● **DATA EXTRACT**:
========================================================================

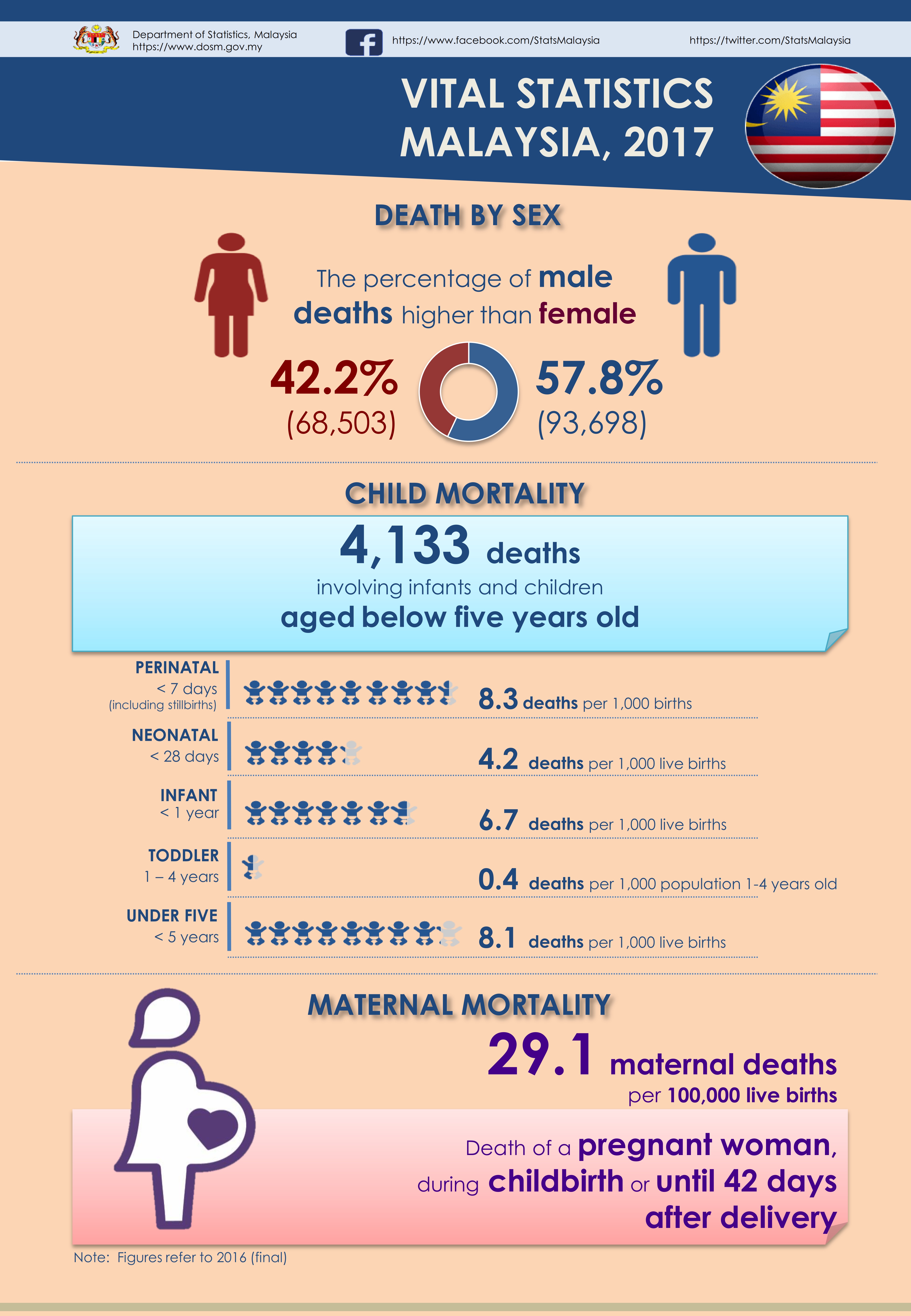 Kuala Penyu district in Sabah recorded the highest crude death rate in 2016 with 9.8 per 1,000 population followed by Julau, Sarawak (9.2) and Pendang, Kedah (8.8). Meanwhile, Kinabatangan district in Sabah recorded the lowest crude death rate with 0.8 per 1,000 population followed by Belaga, Sarawak (2.1) and Kunak, Sabah (2.2).
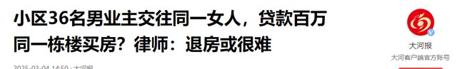 大河报:2025年3月4日《小区36名男业主交往同一女人,贷款百万同一栋楼买房?律师:退房或很难》
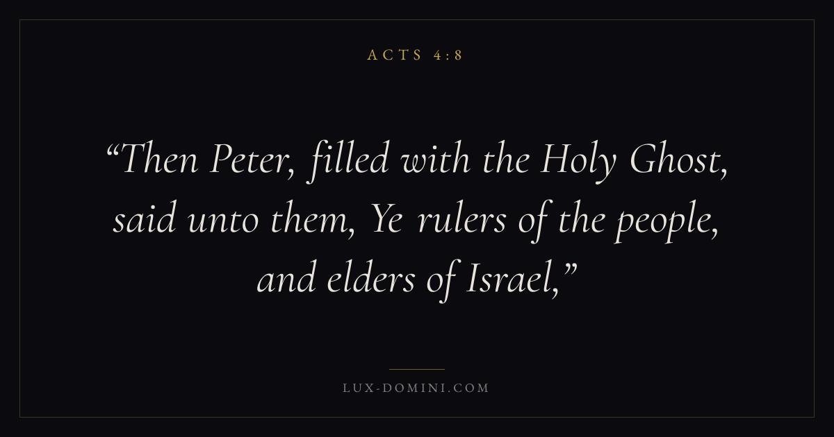 Then Peter, filled with the Holy Ghost, said unto them, Ye rulers of the people, and elders of Israel,

========================================================================

● **WHAT YOU HAVE TO DO**:
Send back every line above exactly, skipping all pictures.

● **RESPONSE TO THE TASK**:
 Kuala Penyu district in Sabah recorded the highest crude death rate in 2016 with 9.8 per 1,000 population followed by Julau, Sarawak (9.2) and Pendang, Kedah (8.8). Meanwhile, Kinabatangan district in Sabah recorded the lowest crude death rate with 0.8 per 1,000 population followed by Belaga, Sarawak (2.1) and Kunak, Sabah (2.2).
 大河报:2025年3月4日《小区36名男业主交往同一女人,贷款百万同一栋楼买房?律师:退房或很难》
 Then Peter, filled with the Holy Ghost, said unto them, Ye rulers of the people, and elders of Israel,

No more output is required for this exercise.